# leggett rd. Access



## Mr_Dease (Aug 30, 2011)

Hello,

I have a cabin in Hale and like to fish the smaller streams like the E.B. I also fish the Augres in the spring out of nostalgia for my grandfather and was reading Jim Bedfords book on fly fishing in Mi recently and he seems to indicate there is an access from legget rd. Can anyone verify that for me please?. Again I don't want any special spots...just want an access point for me and my boy.

Best Regards-


Posted using Outdoor Hub Campfire


----------



## Ralph Smith (Apr 1, 2003)

Welcome to the site first off Secondly, read the rules of the river forums. Specific access spots and rivers or streams not listed above or off limit topics except by pm's.


----------



## Mr_Dease (Aug 30, 2011)

Thanks. No harm intended...just trying to save some scouting time....little feet move slow. Best of luck this spring.


Posted using Outdoor Hub Campfire


----------



## ausable_steelhead (Sep 30, 2002)

Ralph Smith said:


> Welcome to the site first off Secondly, read the rules of the river forums. Specific access spots and rivers or streams not listed above or off limit topics except by pm's.


I get my vague ass Au Sable post edited yesterday and yet here's a specific access point out in the open. That makes sense.


----------



## Ralph Smith (Apr 1, 2003)

ausable_steelhead said:


> I get my vague ass Au Sable post edited yesterday and yet here's a specific access point out in the open. That makes sense.
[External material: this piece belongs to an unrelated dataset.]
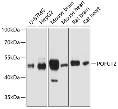Western blot analysis of extracts of various cell lines using POFUT2 Polyclonal Antibody at dilution of 1:1000.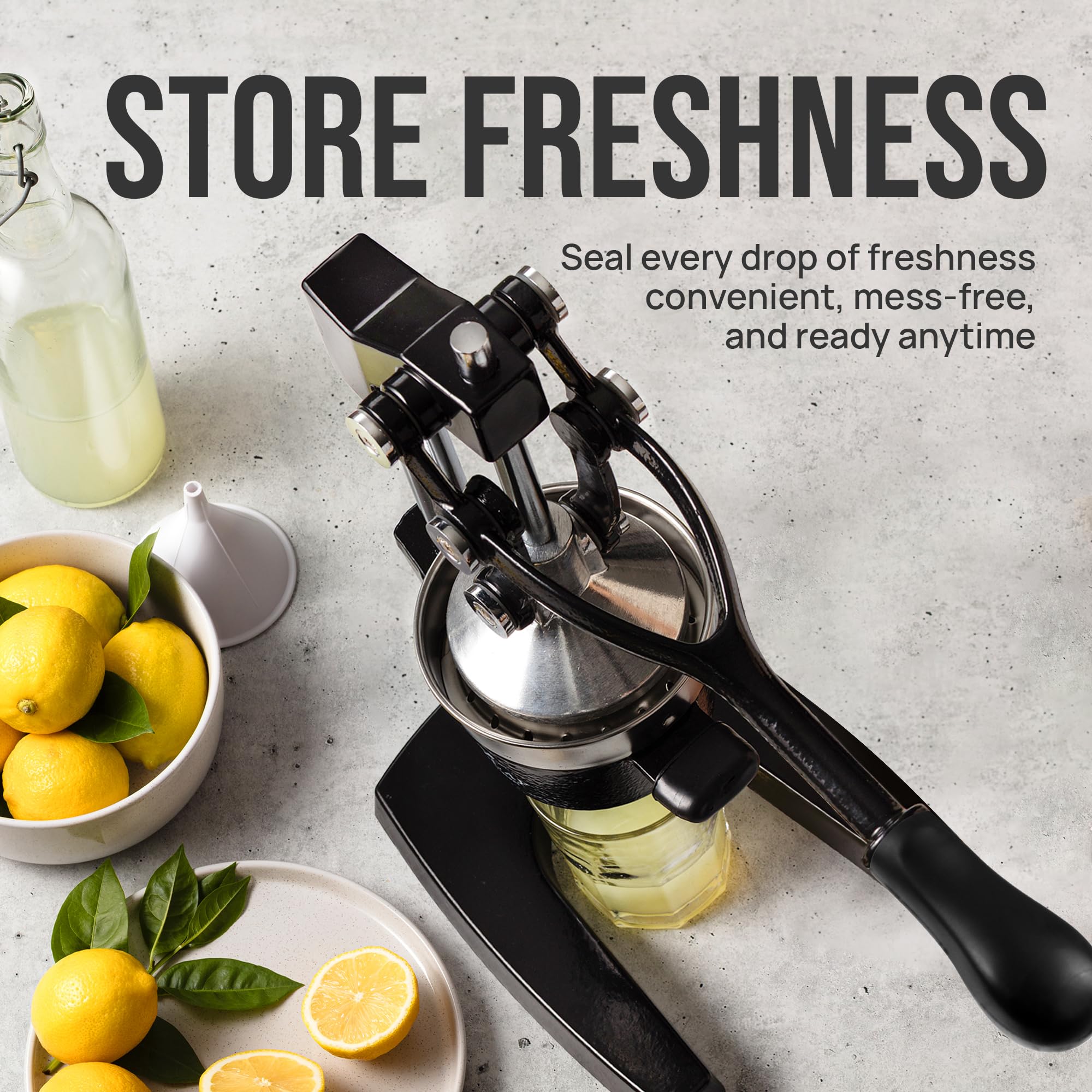 STURDY AND DURABLE MATERIAL: This manual juicer is made of heavy-duty cast iron that can easily withstand the pressure from continuous pressing for years to come. The leverage mechanism allows a one-time easy pull to get all the juice out. Our citrus press is designed with a heavy rubberized base to firmly keep it in place without the fear of falling tipping or sliding off the counter. This hand juicer is great for both professional and at-home use

Wow Jon, what was it about? I know Whit used to be big on the westside for that stuff, but it seems no one cares about this side:sad: I posted something I shouldn't have, and deleted it due to another member sending me a pm. He was right. Sometimes you can get caught up in the moment. If you were posting a hot spot full of steel, you can send me a pm:lol:


----------



## Fishndude (Feb 22, 2003)

Here you go! There are no secrets anymore. 

http://www.google.com/earth/index.html


----------



## YPSIFLY (Feb 13, 2001)

That post was edited because there was mention of fishing a specific hole under a specific picnic table.

My PM box is always open if you would like to discuss the issue.


----------